Eu confesso que já li praticamente, se não mesmo todos, os livros de Dan Brown. Sou aficionada por História, por isso os seus livros são como uma mina de oiro. Mas ao longo dos anos (e dos livros), além da capacidade escrita, Brown tem perdido alguma criativa. Quando li Inferno fiquei feliz, porque nos afastámos das teorias da conspiração e passámos para cenários entre a ficção e realidade, que nos fazem pensar e refletir. Gostei disso.

 

Por isso, no filme, estava à espera dessa mesma novidade. De certa forma existiu: nota-se que Howard tentou ir por outro lado, com mais acção, um pouco mais de fantasia, e efeitos especiais que põe Inferno num patamar diferente dos outros dois.

 

 

Infelizmente, a restante fórmula não mudou. Tom Hanks, por muito bom que seja no seu trabalho, não deixa de ser o Robert Langdon que até agora conhecemos, pronto a salvar o mundo com os seus conhecimentos históricos. Sempre fazendo uma descoberta, que afinal está errada e só quando chega ao destino é que descobre a verdadeira resposta. E sempre com uma companheira feminina.

 

É triste. Ao nível da história e alinhamento do argumento, é verdade que não podiam fazer muito mais; afinal, estão a seguir a linha histórica criada por Dan Brown. Mas o que me entristece mais é que houve demasiada liberdade criativa desta vez, e em vez de fazer um filme um pouco diferente dos anteriores, transformaram-no numa cópia mal disfarçada. 

 

Será que Hollywood ainda nos sabe mostrar coisas diferentes? Bem,a verdade é que todos os dias temos novidades e filmes a surgir que nos mostram que existe criatividade, histórias dignas de serem contadas, e lufadas de ar fresco.
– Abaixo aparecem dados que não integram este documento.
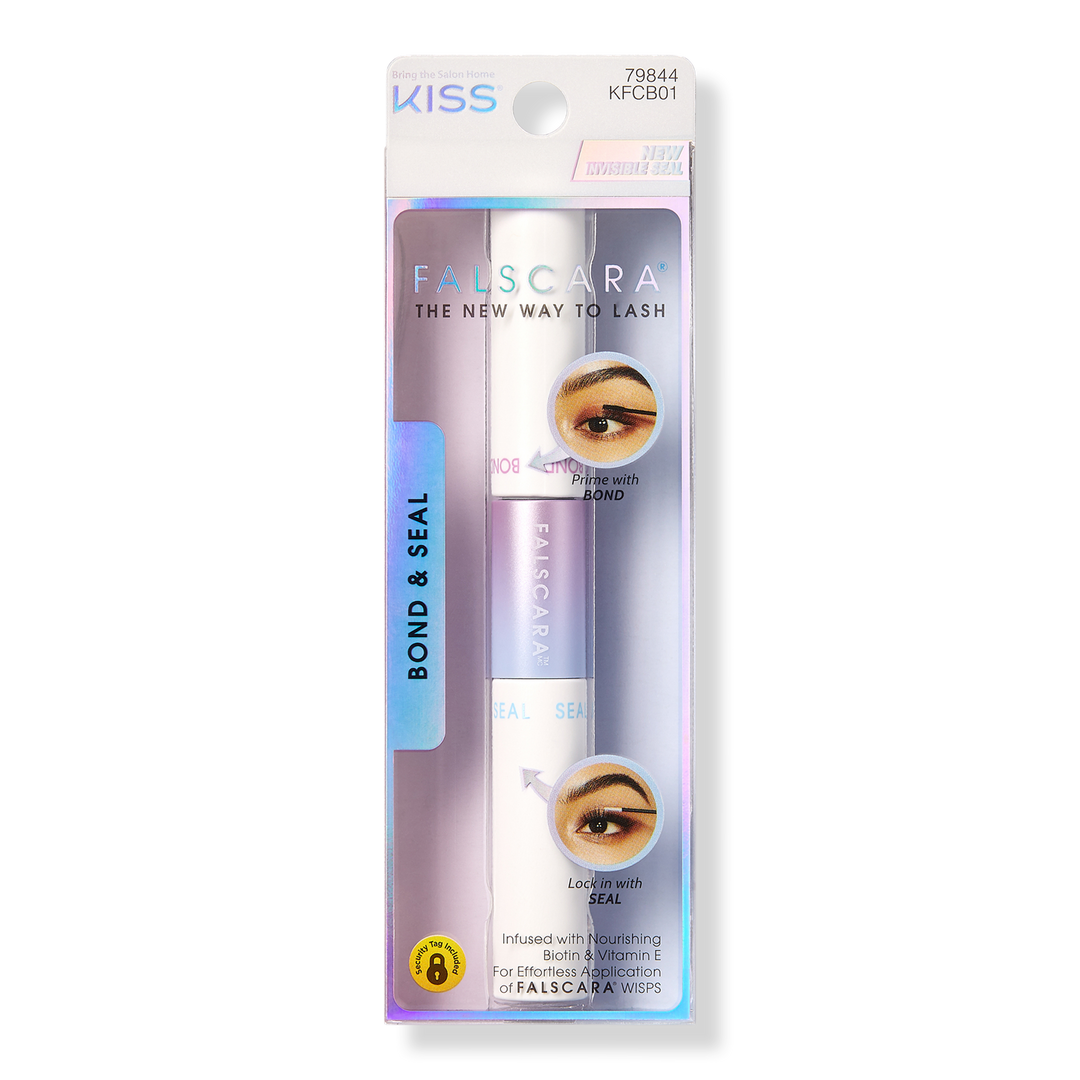 If you can mascara, you can Falscara! KISS Falscara Bond & Seal dual sided tube primes & preps lashes and locks Wisps in place for all day wear.

No entanto, Inferno veio revelar uma realidade que tenho tentado evitar: há quem tenha muito medo de arriscar. Principalmente quando estão grandes estúdios, e grandes blockbusters, envolvidos.

 

 

Sei que isto não é regra – ou melhor, quero acreditar nisso. Mas ao assistir a Inferno, fiquei com a sensação que este não é um problema de agora. Aliás, é a confirmação daquilo que assistimos em Esquadrão Suicída: como uma grande história, repleta de bons atores, que nos deixa devastados porque não pode fugir do status quo.

 

No particular caso de Inferno, fiquei triste porque a produção parecia a nossa seleção de futebol: em equipa que achamos que ganha, ninguém mexe! Em vez de tentarem um ângulo diferente, foram fazer precisamente o que já tinha sido feito, e teve sucesso – mesmo quando o livro pedia algo diferente.

 

E não houve bons atores que o salvassem. Até porque o ritmo não é equilibrado, perdemo-nos na ação, e chegamos a meio com a certeza de que sabemos como vai acabar, e a desejar que acabe.

 

Ron, vá lá. Reconheço o esforço, mas sabes fazer melhor.